Task to carry out: Each line in the material below, starting at the one that contains "Jompers Men Mustard" and ending at the one that contains "rồi mới ăn.", should be repeated exactly; the pictures should not.

Task inputs:

....................

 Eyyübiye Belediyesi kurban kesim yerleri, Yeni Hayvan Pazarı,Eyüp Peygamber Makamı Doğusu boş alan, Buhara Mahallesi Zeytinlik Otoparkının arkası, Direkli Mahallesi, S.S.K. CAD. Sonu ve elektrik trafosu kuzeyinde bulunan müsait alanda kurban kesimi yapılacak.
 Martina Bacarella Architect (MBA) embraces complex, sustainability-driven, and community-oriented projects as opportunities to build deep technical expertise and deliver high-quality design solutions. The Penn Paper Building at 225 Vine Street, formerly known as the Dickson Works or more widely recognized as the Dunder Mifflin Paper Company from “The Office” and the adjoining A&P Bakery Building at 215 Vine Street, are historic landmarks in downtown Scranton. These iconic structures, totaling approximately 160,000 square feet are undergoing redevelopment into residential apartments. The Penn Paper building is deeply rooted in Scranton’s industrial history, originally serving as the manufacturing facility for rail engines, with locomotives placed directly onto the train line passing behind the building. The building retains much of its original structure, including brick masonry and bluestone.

....................

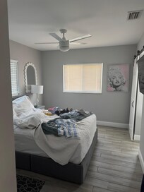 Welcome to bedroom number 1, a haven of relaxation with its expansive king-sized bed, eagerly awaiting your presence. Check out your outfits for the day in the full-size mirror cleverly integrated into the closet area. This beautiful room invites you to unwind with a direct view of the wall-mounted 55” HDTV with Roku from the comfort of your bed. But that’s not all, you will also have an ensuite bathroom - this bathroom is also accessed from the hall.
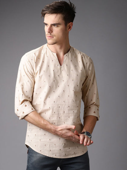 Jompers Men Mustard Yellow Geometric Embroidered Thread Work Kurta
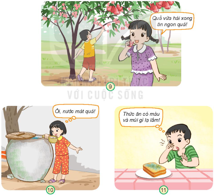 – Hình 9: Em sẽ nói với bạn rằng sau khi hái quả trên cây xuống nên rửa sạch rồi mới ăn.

....................

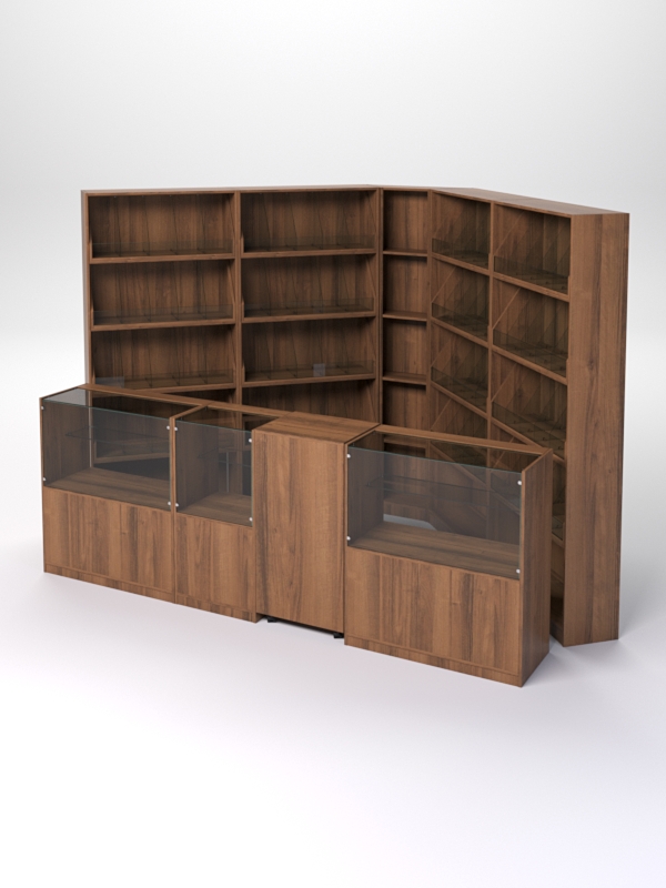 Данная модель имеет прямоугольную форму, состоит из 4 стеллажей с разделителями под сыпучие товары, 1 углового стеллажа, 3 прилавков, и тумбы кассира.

....................

Solution:
 Jompers Men Mustard Yellow Geometric Embroidered Thread Work Kurta
 – Hình 9: Em sẽ nói với bạn rằng sau khi hái quả trên cây xuống nên rửa sạch rồi mới ăn.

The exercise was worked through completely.